Spear Operations Group members stand in front of UAE military aircraft being used to transport them to Aden, Middle right is Abraham Golan
Spear Operations Group members stand in front of UAE military aircraft being used to transport them to Aden, Middle right is Abraham Golan

3.3 Mohammed Dahlan

Mohammed Dahlan is a former Palestinian Security Services member and ex-leader of the Palestinian Fatah party. The UAE employed him as a security advisor because of his close relationships with PMC groups. He allegedly handles the agreement with Golan for the Spear Operations Group to assassinate members of the Al-Islah party in Yemen.  However, since then has fallen out with his UAE patrons because of alleged collaborating with the CIA and Israel.

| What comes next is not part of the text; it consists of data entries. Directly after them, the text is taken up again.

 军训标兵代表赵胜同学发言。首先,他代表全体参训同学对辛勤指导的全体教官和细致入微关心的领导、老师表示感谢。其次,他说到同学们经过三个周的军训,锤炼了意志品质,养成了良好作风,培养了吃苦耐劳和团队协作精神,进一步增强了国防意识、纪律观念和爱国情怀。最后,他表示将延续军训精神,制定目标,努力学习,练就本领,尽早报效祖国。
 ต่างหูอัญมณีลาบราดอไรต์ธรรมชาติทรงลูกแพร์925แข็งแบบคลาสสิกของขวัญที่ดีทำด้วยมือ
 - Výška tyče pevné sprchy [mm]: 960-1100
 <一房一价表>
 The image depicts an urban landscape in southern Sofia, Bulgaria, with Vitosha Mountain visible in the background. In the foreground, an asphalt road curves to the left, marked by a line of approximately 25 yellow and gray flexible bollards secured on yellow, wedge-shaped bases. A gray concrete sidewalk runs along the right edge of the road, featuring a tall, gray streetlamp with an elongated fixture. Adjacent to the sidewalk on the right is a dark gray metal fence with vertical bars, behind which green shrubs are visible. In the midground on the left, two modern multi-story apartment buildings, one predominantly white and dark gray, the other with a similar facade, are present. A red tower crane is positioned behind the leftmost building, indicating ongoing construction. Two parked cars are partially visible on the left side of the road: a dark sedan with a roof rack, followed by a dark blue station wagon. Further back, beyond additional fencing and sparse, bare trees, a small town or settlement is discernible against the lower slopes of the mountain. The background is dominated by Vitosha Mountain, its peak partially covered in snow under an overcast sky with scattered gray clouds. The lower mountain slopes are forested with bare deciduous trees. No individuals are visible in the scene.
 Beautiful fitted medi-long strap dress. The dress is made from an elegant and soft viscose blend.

Which when one takes into consideration the makeup of the Spear Operations Group, he did

Dahlan also allegedly set up and supervised many mercenary training sites in the occupied Negev area of Palestine, which were deliberately chosen to train Colombian and Nepalese mercenaries because of the terrain being like Yemen’s. Also, the mercenaries were allegedly receiving training from officers of the IDF

4. Black Shield Security/Sudanese exploitation

Black Shield Security is a US firm based in the UAE. It allegedly tricked young Sudanese men into coming to the UAE with offers of high-paying security guard jobs. When they arrived, they were sent to military training camps before being deployed to Yemen or Libya. Over 15,000 Sudanese mercenaries are serving in Yemen and Libya, with many of them predicted to be children.  Both the UAE and Black Shield Security are accused of breaking the UN arms embargo on Libya by sending weapons and Sudanese mercenaries to the Libyan National Army. The Sudanese paramilitary group Rapid Support Force (RSF) has been accused of taking sizeable sums to recruit poor citizens and send them to Yemen.  RSF group has profited $350 million so far from its involvement in Yemen. 

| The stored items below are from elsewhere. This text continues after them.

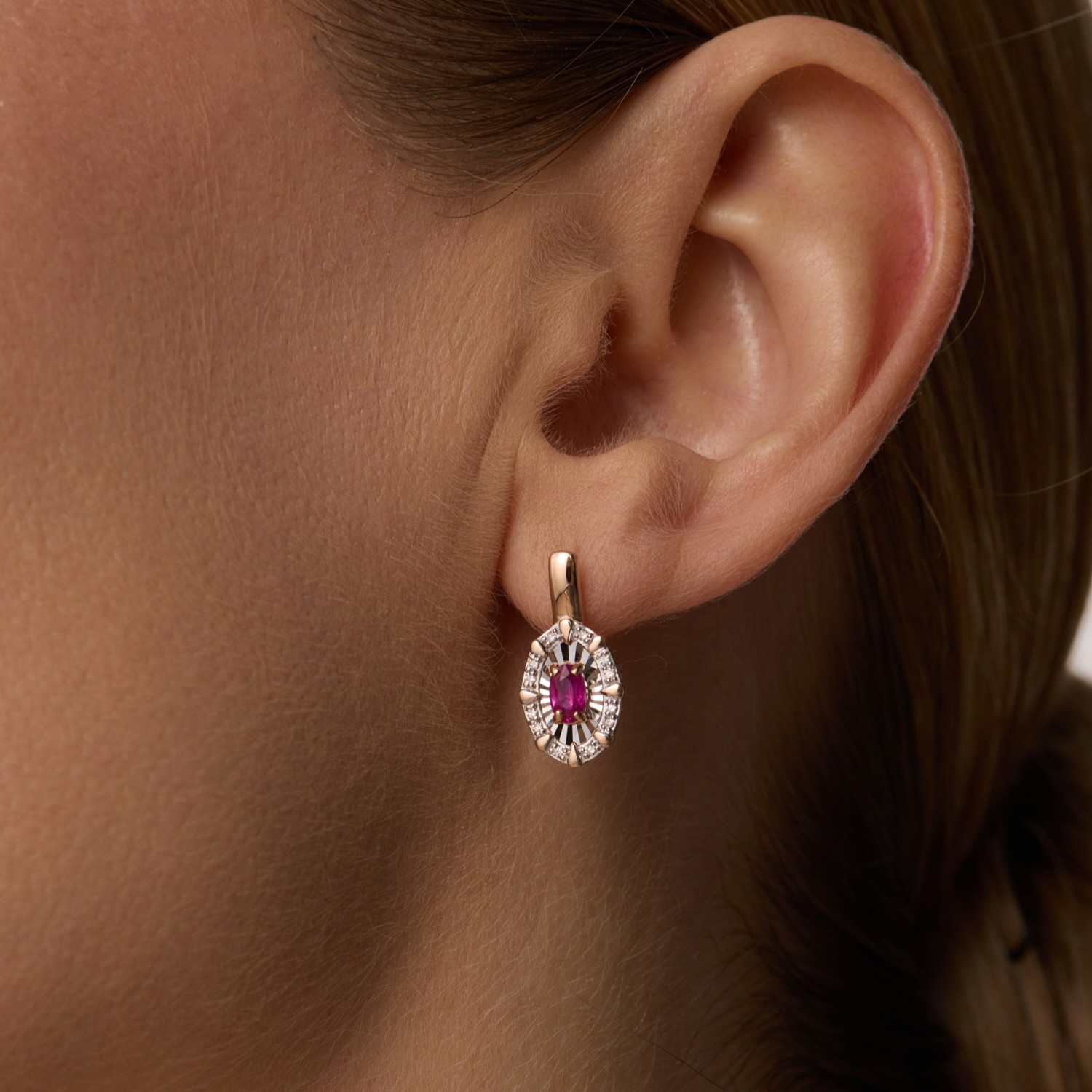 Серьги из золота с бриллиантами и рубинами
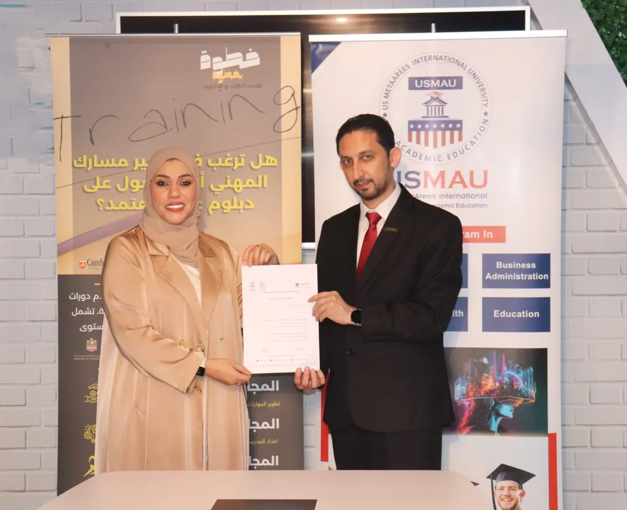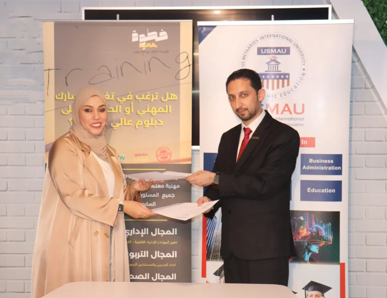 The strategic partnership agreement includes the accreditation of Khatwa Bkhatwa Management Consultancy by the American Academic Board affiliated with US Meta Arees International University in the field of training and professional programs across all specialties. Under this agreement, Khatwa Bkhatwa Management Consultancy becomes authorized to grant American training certificates as well as advanced professional American degrees up to the level of Professional Doctorate.
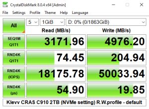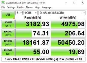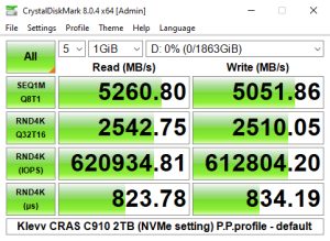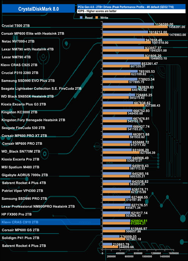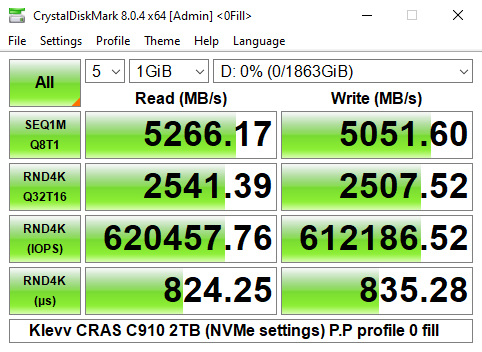 The drive is officially rated at up to 560,000 IOPS for random reads and up to 615,000 IOPS for random writes. Using the Peak Performance profile of CrystalDiskMark8 we could confirm the official read figure and indeed better it a little at 620,934 IOPS. However, the random write figure was a little short of the maximum at 612,186 IOPS.
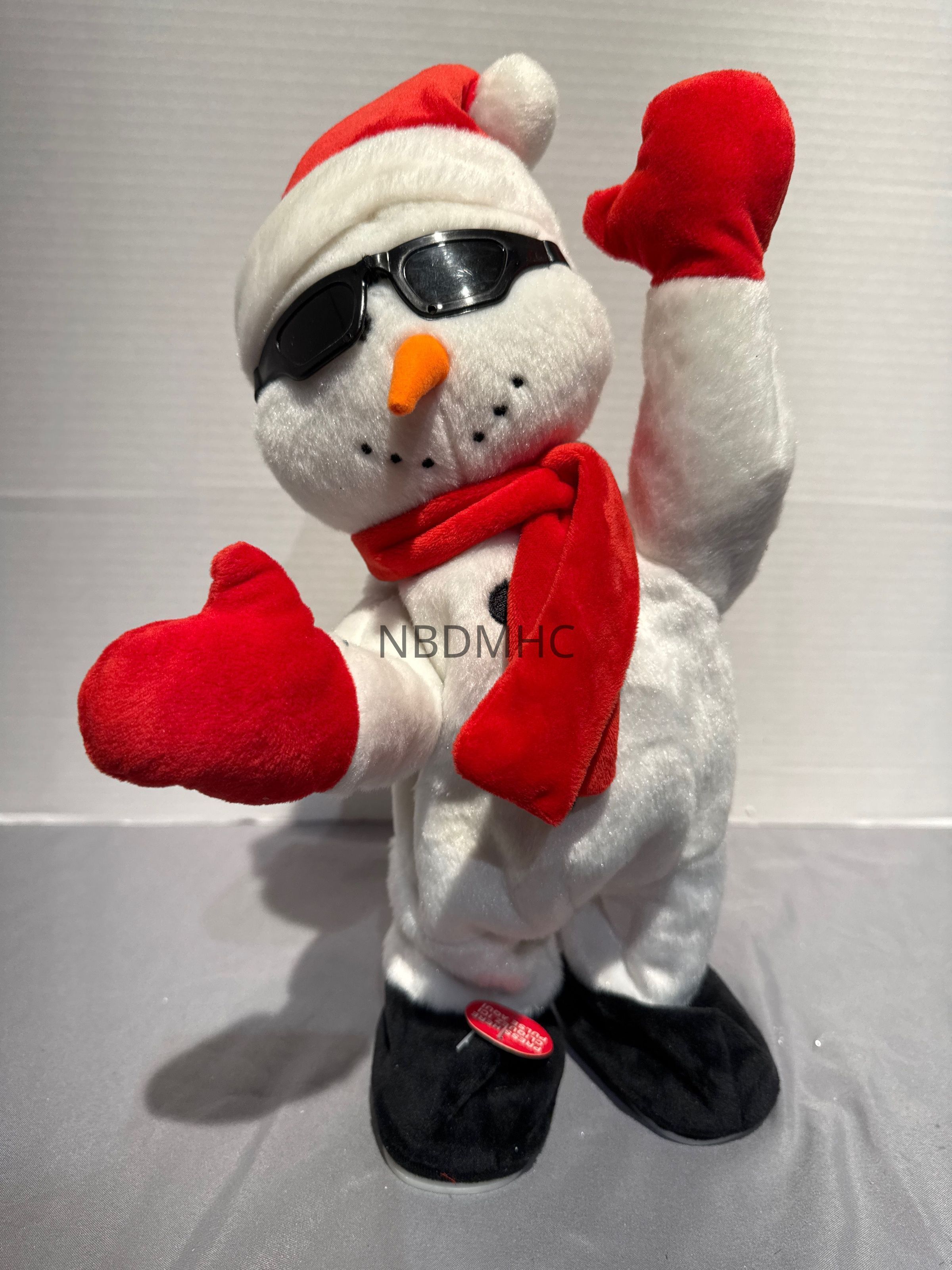 14 inch snowman Santa wearing dark glasses, with carrot nose and coal mouth. Wearing Santa hat, mittens, and red scarf at neck. Black shoes. Mechanical. Guinness 148.
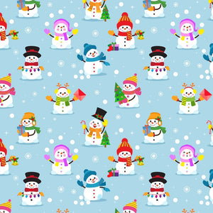 The Blue Playful Snowman Fabric is part of the Christmas Fabric Collection printed by Sew Creative Fabrics. Digitally Printed on 100% cotton.
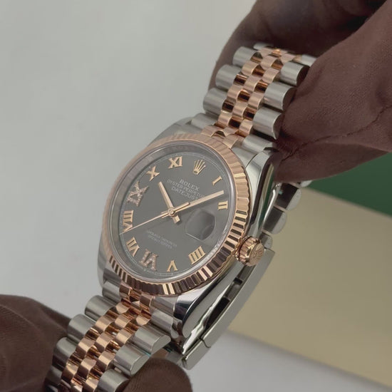 2023 Rolex Datejust 36mm 126231 Two-Tone Oystersteel and Everose Gold Jubilee Bracelet with a Slate Rhodium Grey Dial with Diamonds on 6 & 9

Consequently, Sudanese lawyers have vowed to take action against the UAE government over the scandal

5. Bundeswehr mercenary scandal

On the 24th of October 2022, two former Bundeswehr soldiers received suspended prison sentences for attempting to create a mercenary force. This was to include those who were serving and ex-Bundeswehr troops to take part in Yemen.  The goal of the group was to take land for the UAE-Saudi coalition. They were also to be paid over $40,000 a month for their services.  All of this goes to show that the UAE in Yemen has encouraged a state of free-for-all for soldiers of fortune.

6. Other Mercenaries in Yemen

There is a myriad of other smaller mercenary groups serving in Yemen currently showing how far the privatization of the war has gone. The UAE-Saudi Coalition has also agreed a deal to use Eritrean airspace to launch airstrikes on Yemen.  Over 400 Eritrean troops are also believed to have signed up as part of the UAE forces in Yemen. 

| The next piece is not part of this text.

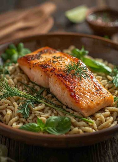 Garlic Butter Salmon with Orzo and Fresh Herbs
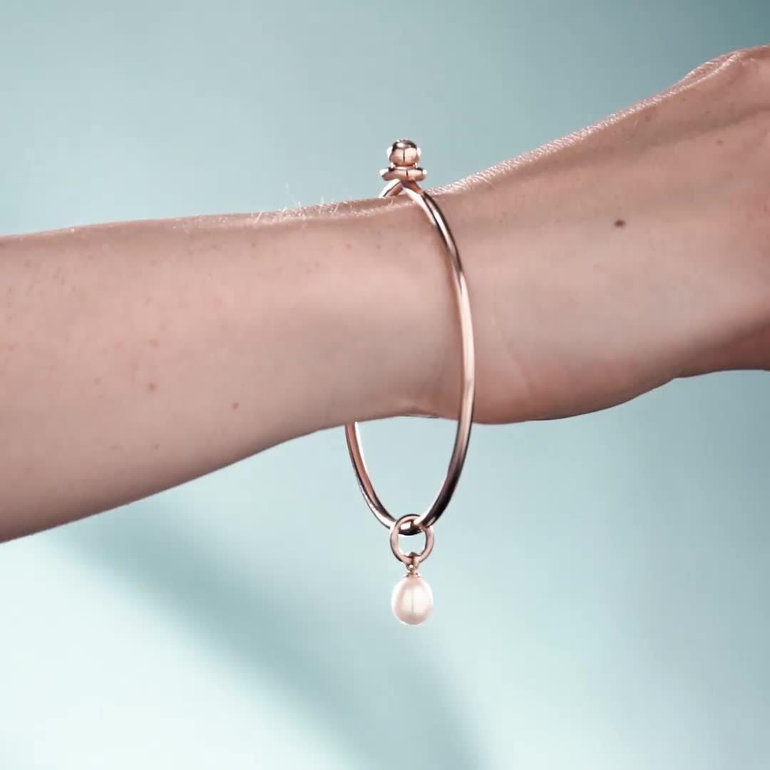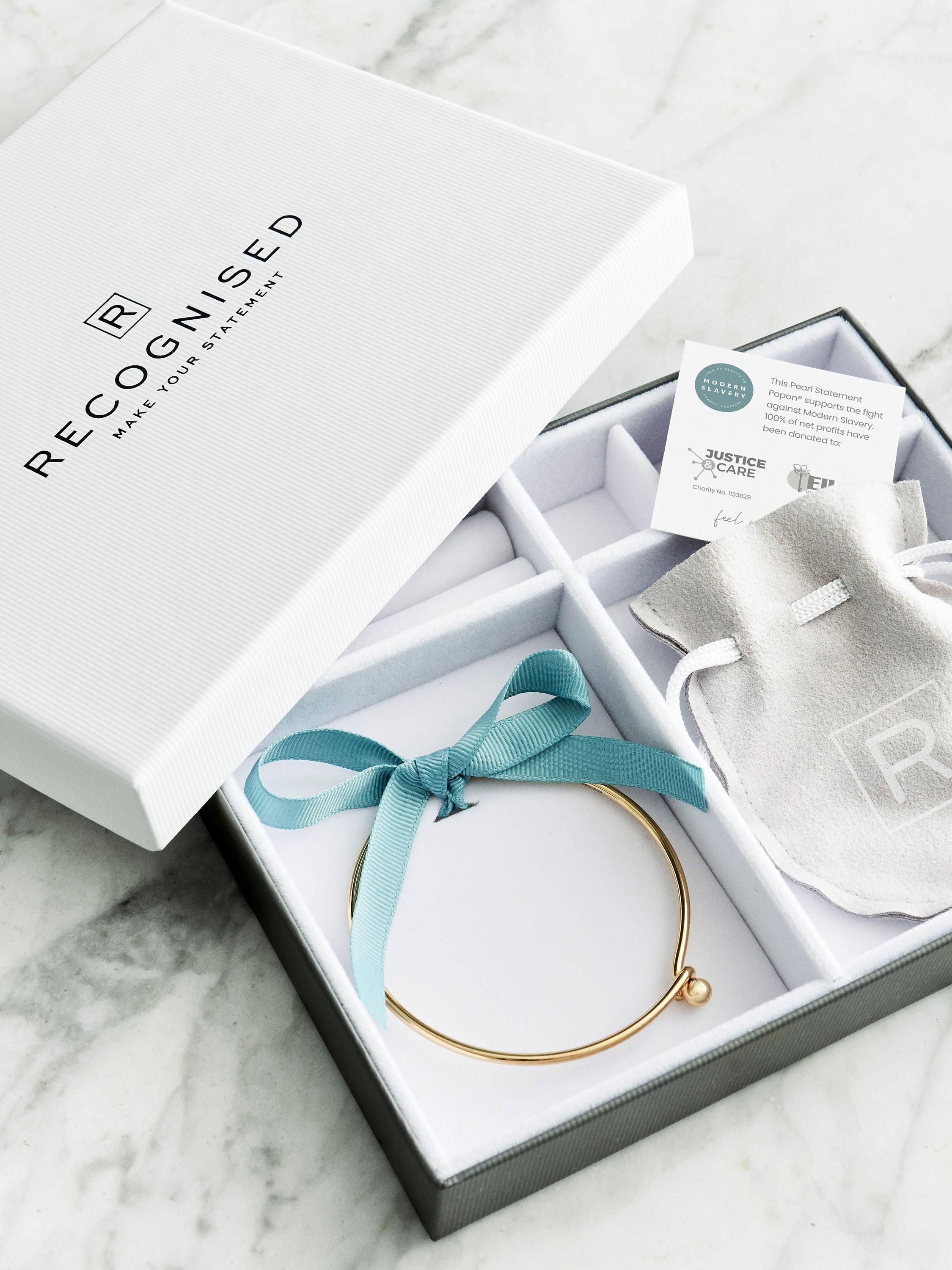 This Recognised Bangle and Pearl Popon pendant is a beautiful and meaningful gift. The Freedom Pearl Popon recognises those working to create a world free of slavery, bring perpetrators to justice and provide support and aftercare to victims. The bangle features an open clasp, accommodating to most wrist sizes.

Furthermore, up to 1000 Pakistani mercenaries are serving in Yemen, despite Islamabad voting not to participate in the operation. 

The UAE-Saudi coalition also hired as militia many Yemeni nationals, demonstrating how the UAE aims to fight wars without its own citizens’ involvement. Indeed, US mercenaries are also present in command positions, such as with Stephen Toumajan – a retired US officer who ran a breast enhancement service before being hired to the elated position of Major General commander of the UAE Joint Aviation Command Yemen

7. Summary

With the recent breakdown of the truce in Yemen, mercenaries serving the coalition in Yemen are likely to come into the spotlight. The UAE is likely to keep utilising mercenaries to make its military operations abroad palatable to its domestic population, particularly if the UAE wants to keep expanding its position as one of the most prominent military powers in the Middle East. Given the lack of nations that supported the 2001 UN Mercenary Convention, it is likely the future holds much more for these soldiers of fortune.